** Assignment **
In the copy, include all of the listing exactly and none of its pictures.

** Given information **
_ _ _
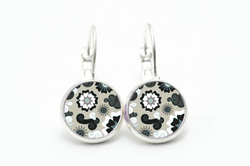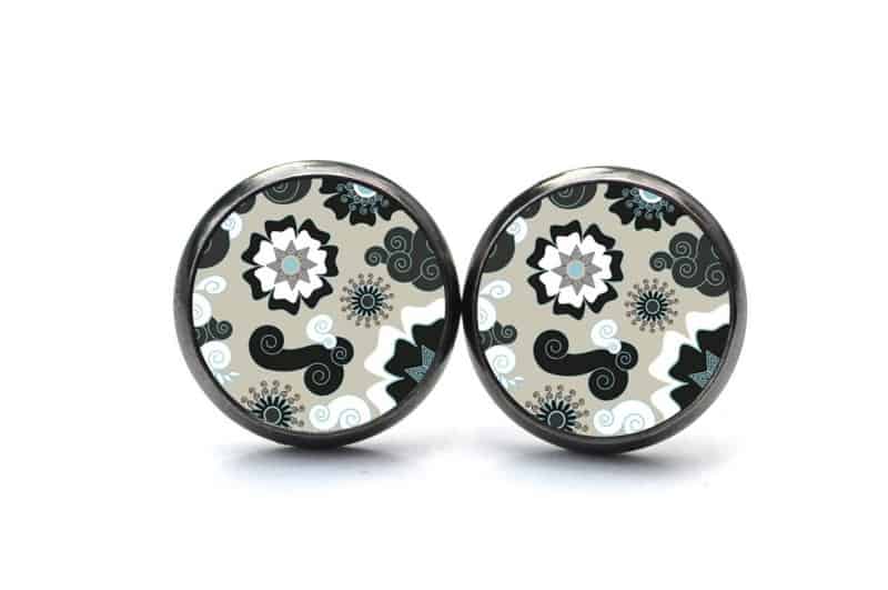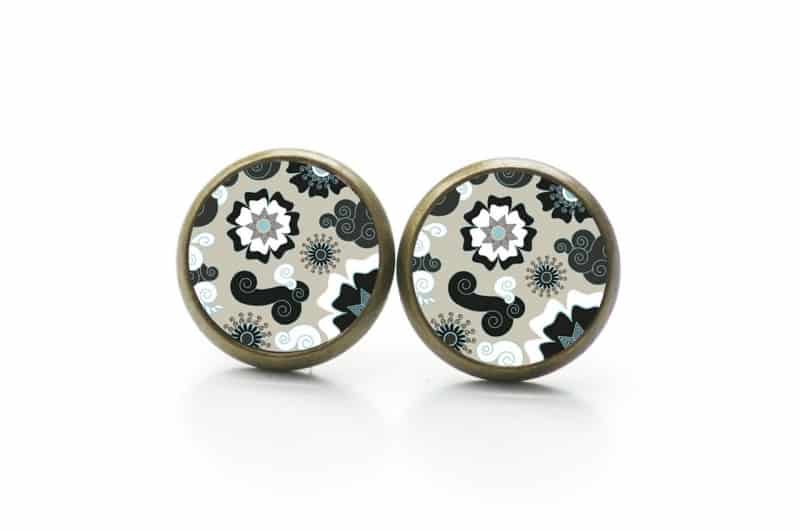 Druckknopf / Ohrstecker / Ohrhänger Vintage 60er Jahre Retro verschiedene Formen in schwarz, weiß, blau und beige
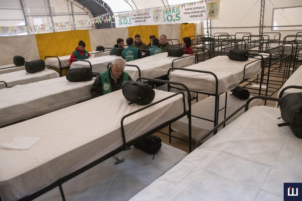 В одному з наметів розгорнули 50 ліжко-місць. Якщо буде необхідність, нічліг можуть надавати 100 людям. Проте попереджають, що ванної кімнати тут немає.
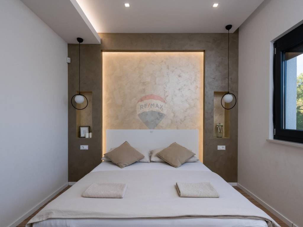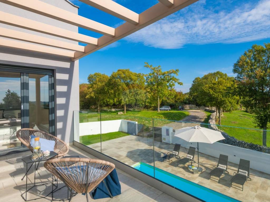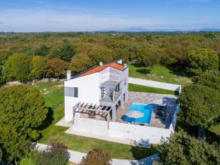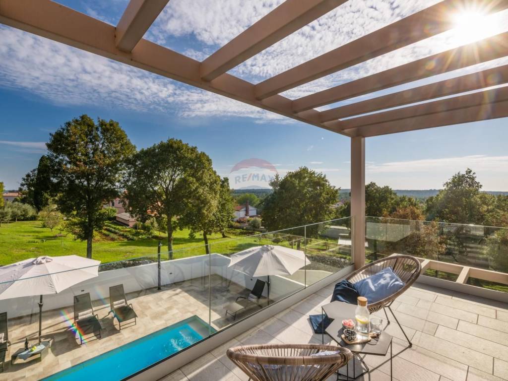 The property is situated on elevated terrain, offering views of the sea and the island of Cres on one side, and the picturesque town of Bale on the other.
_ _ _
** Your solution **
 Druckknopf / Ohrstecker / Ohrhänger Vintage 60er Jahre Retro verschiedene Formen in schwarz, weiß, blau und beige
 В одному з наметів розгорнули 50 ліжко-місць. Якщо буде необхідність, нічліг можуть надавати 100 людям. Проте попереджають, що ванної кімнати тут немає.
 The property is situated on elevated terrain, offering views of the sea and the island of Cres on one side, and the picturesque town of Bale on the other.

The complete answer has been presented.